*INPUT MATERIAL:*
--------

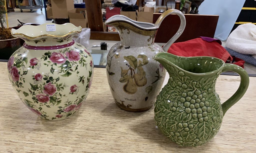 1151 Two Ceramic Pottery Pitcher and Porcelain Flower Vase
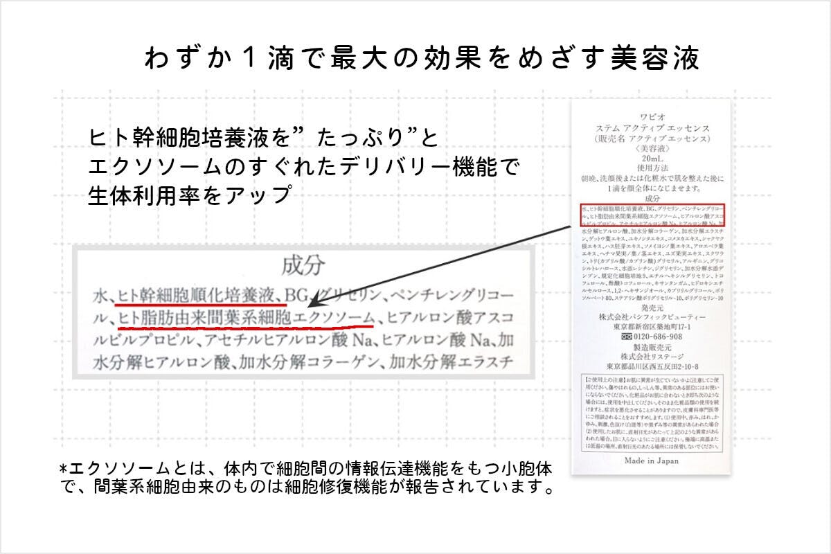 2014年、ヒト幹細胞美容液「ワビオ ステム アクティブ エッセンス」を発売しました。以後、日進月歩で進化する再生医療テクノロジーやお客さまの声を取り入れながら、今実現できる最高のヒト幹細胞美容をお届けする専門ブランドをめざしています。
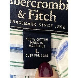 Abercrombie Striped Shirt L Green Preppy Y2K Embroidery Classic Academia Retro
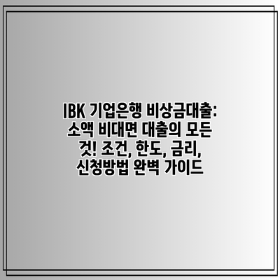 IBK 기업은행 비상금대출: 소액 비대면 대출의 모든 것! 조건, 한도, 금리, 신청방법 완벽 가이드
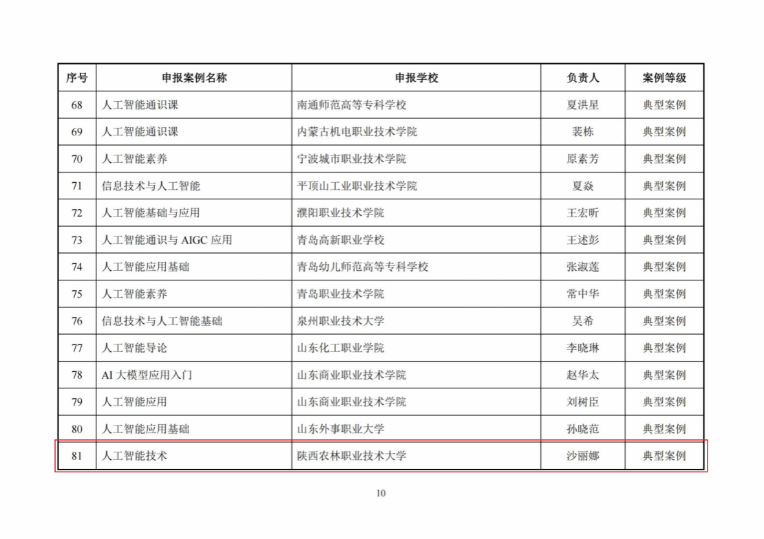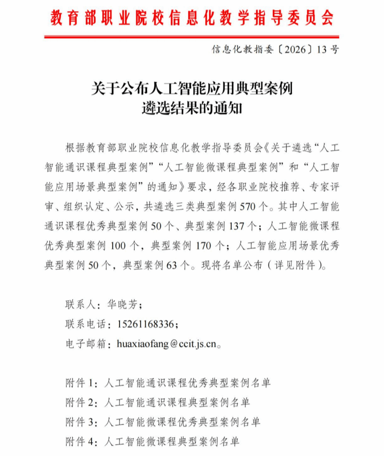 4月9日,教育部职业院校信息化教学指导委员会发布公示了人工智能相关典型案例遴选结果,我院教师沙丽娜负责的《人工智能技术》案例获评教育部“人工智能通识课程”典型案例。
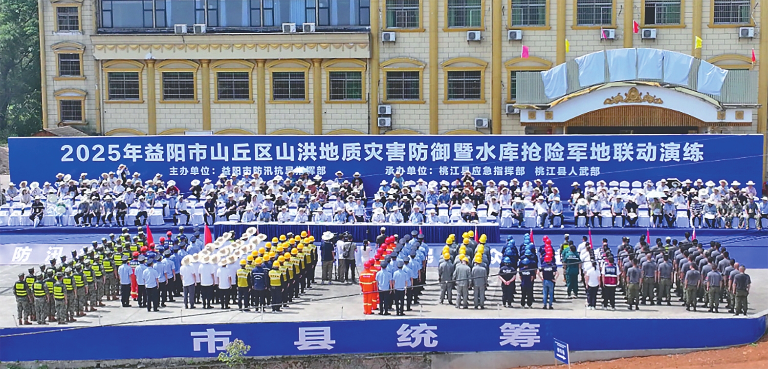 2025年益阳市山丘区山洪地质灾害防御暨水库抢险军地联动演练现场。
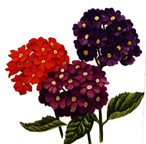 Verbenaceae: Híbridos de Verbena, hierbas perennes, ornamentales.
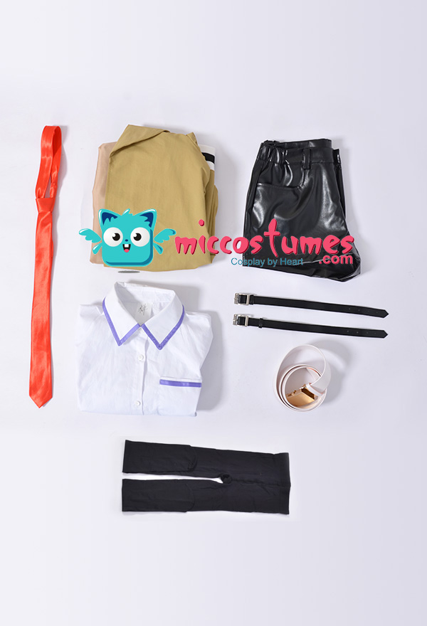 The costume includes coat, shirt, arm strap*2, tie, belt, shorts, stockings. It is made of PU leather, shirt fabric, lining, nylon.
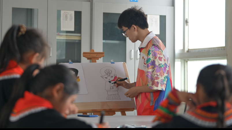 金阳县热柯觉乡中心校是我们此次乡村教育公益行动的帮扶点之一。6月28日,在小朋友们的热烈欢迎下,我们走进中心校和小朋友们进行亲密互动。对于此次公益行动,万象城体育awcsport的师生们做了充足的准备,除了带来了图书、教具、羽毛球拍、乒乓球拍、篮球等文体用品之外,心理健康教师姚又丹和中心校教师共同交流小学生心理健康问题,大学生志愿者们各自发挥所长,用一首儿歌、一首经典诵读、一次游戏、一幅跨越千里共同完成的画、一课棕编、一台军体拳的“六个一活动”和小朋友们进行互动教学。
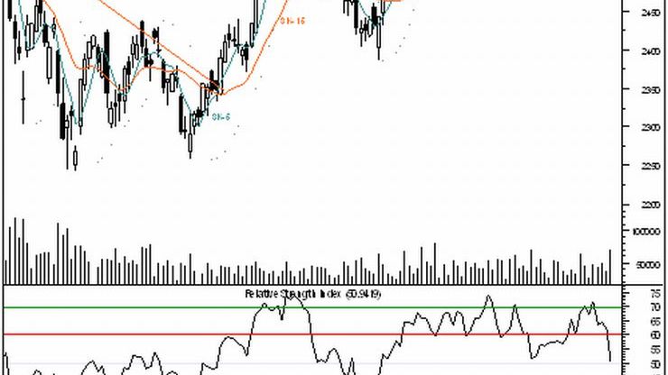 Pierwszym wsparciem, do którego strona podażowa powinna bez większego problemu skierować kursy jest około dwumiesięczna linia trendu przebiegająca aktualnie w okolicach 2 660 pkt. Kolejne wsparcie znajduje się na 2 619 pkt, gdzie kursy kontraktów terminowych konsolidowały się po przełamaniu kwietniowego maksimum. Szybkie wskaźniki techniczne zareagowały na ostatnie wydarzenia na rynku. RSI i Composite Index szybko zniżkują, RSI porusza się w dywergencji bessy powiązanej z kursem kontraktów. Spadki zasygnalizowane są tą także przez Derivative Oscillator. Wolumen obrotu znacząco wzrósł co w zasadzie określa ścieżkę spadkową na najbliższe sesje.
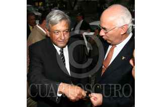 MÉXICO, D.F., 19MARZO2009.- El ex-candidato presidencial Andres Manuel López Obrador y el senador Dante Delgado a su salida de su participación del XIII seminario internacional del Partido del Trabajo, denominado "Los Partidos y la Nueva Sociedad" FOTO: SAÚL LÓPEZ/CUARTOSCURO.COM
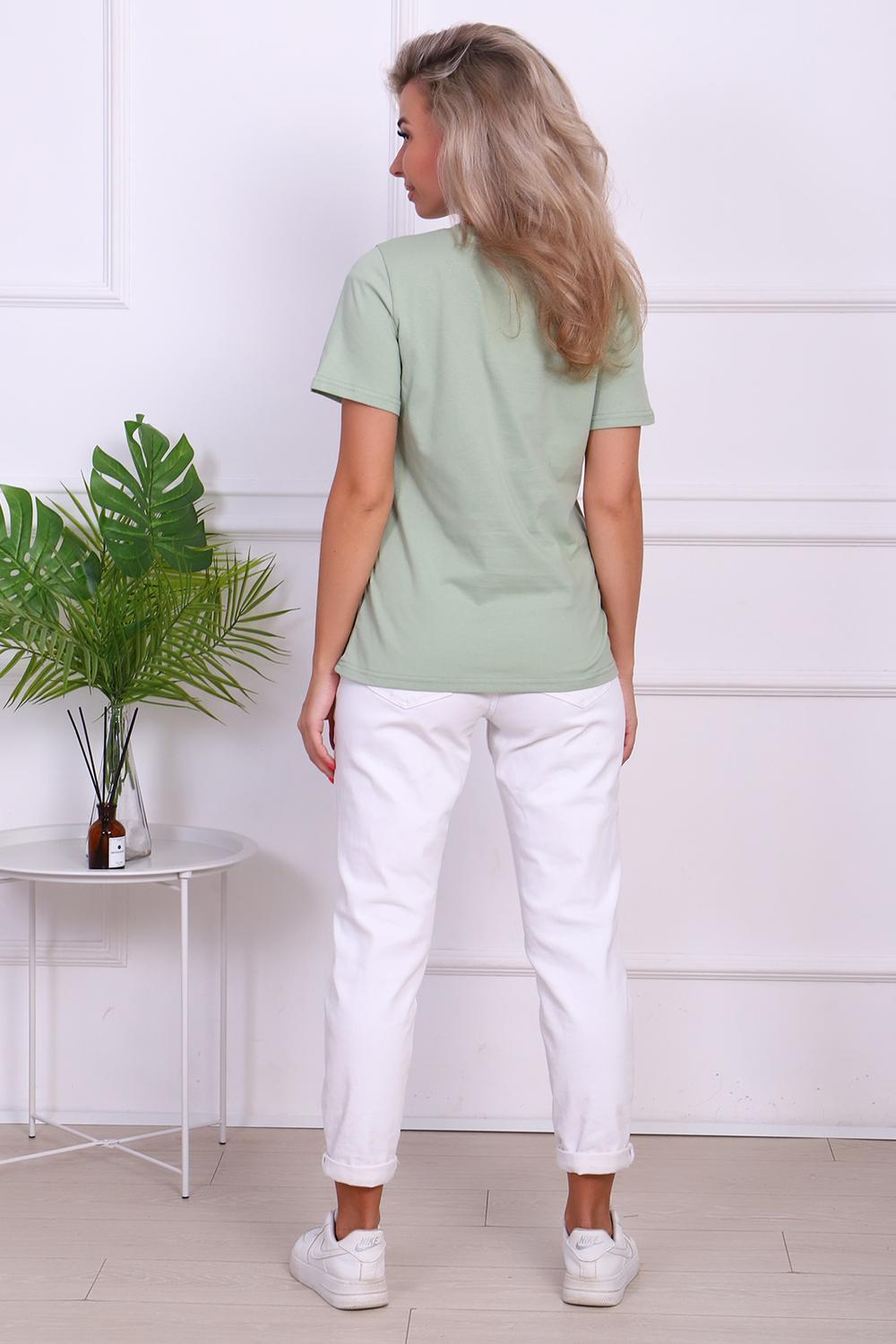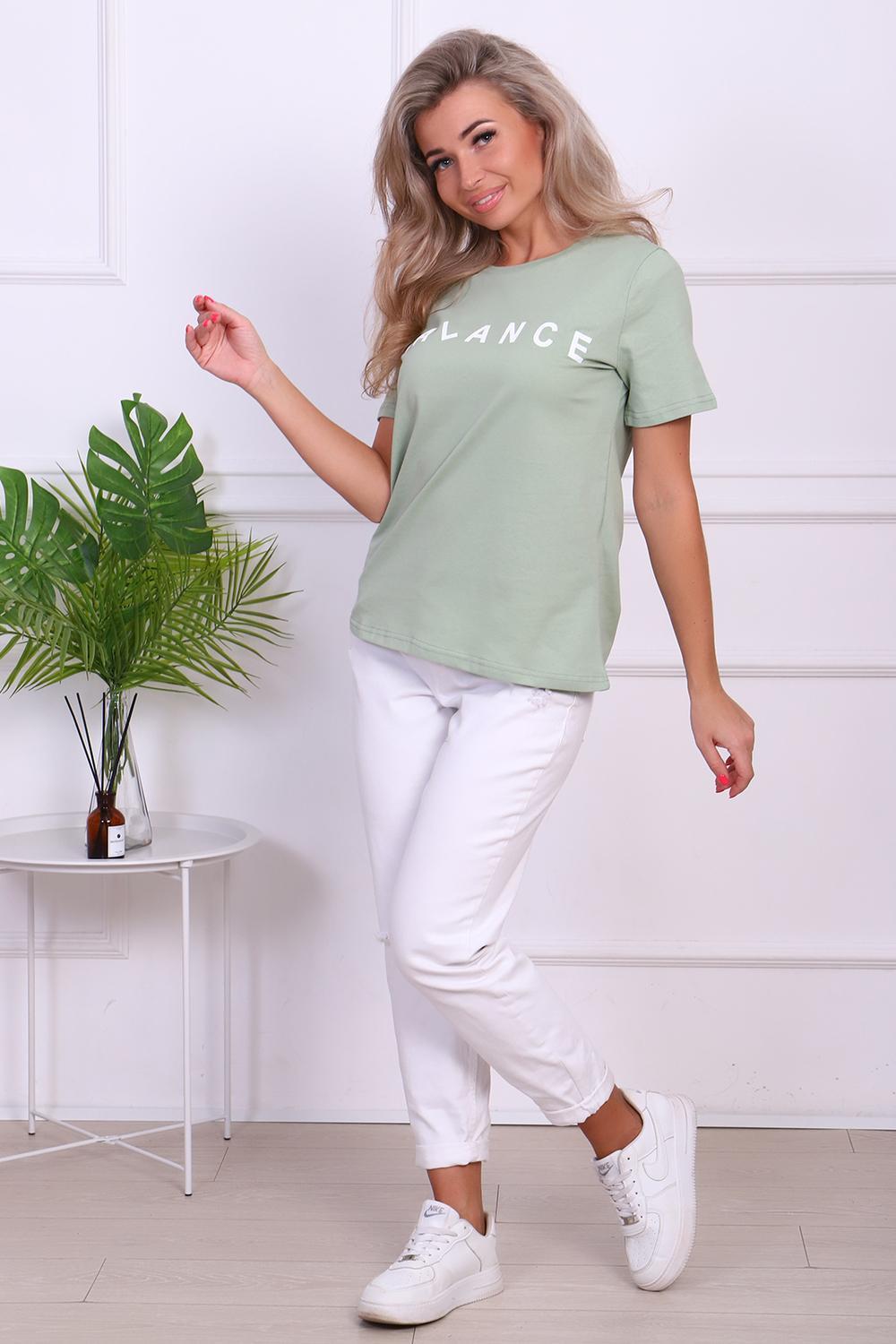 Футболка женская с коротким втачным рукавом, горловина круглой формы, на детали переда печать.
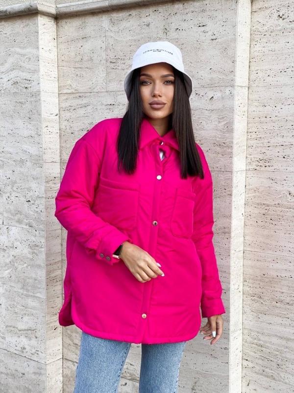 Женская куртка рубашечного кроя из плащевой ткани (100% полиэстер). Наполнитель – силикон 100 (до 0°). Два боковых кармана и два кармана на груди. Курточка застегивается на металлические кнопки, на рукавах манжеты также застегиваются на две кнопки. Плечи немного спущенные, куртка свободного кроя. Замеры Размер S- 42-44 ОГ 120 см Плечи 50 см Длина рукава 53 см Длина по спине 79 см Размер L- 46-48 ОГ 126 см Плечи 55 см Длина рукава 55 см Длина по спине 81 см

--------

*PROBLEM TO SOLVE:* What belongs in the answer is each line above from the line with "4月9日,教育部职业院校信息" to the line with "Футболка женская с", inclusive, reproduced exactly and free of pictures.

*WRITTEN RESPONSE:*
 4月9日,教育部职业院校信息化教学指导委员会发布公示了人工智能相关典型案例遴选结果,我院教师沙丽娜负责的《人工智能技术》案例获评教育部“人工智能通识课程”典型案例。
 2025年益阳市山丘区山洪地质灾害防御暨水库抢险军地联动演练现场。
 Verbenaceae: Híbridos de Verbena, hierbas perennes, ornamentales.
 The costume includes coat, shirt, arm strap*2, tie, belt, shorts, stockings. It is made of PU leather, shirt fabric, lining, nylon.
 金阳县热柯觉乡中心校是我们此次乡村教育公益行动的帮扶点之一。6月28日,在小朋友们的热烈欢迎下,我们走进中心校和小朋友们进行亲密互动。对于此次公益行动,万象城体育awcsport的师生们做了充足的准备,除了带来了图书、教具、羽毛球拍、乒乓球拍、篮球等文体用品之外,心理健康教师姚又丹和中心校教师共同交流小学生心理健康问题,大学生志愿者们各自发挥所长,用一首儿歌、一首经典诵读、一次游戏、一幅跨越千里共同完成的画、一课棕编、一台军体拳的“六个一活动”和小朋友们进行互动教学。
 Pierwszym wsparciem, do którego strona podażowa powinna bez większego problemu skierować kursy jest około dwumiesięczna linia trendu przebiegająca aktualnie w okolicach 2 660 pkt. Kolejne wsparcie znajduje się na 2 619 pkt, gdzie kursy kontraktów terminowych konsolidowały się po przełamaniu kwietniowego maksimum. Szybkie wskaźniki techniczne zareagowały na ostatnie wydarzenia na rynku. RSI i Composite Index szybko zniżkują, RSI porusza się w dywergencji bessy powiązanej z kursem kontraktów. Spadki zasygnalizowane są tą także przez Derivative Oscillator. Wolumen obrotu znacząco wzrósł co w zasadzie określa ścieżkę spadkową na najbliższe sesje.
 MÉXICO, D.F., 19MARZO2009.- El ex-candidato presidencial Andres Manuel López Obrador y el senador Dante Delgado a su salida de su participación del XIII seminario internacional del Partido del Trabajo, denominado "Los Partidos y la Nueva Sociedad" FOTO: SAÚL LÓPEZ/CUARTOSCURO.COM
 Футболка женская с коротким втачным рукавом, горловина круглой формы, на детали переда печать.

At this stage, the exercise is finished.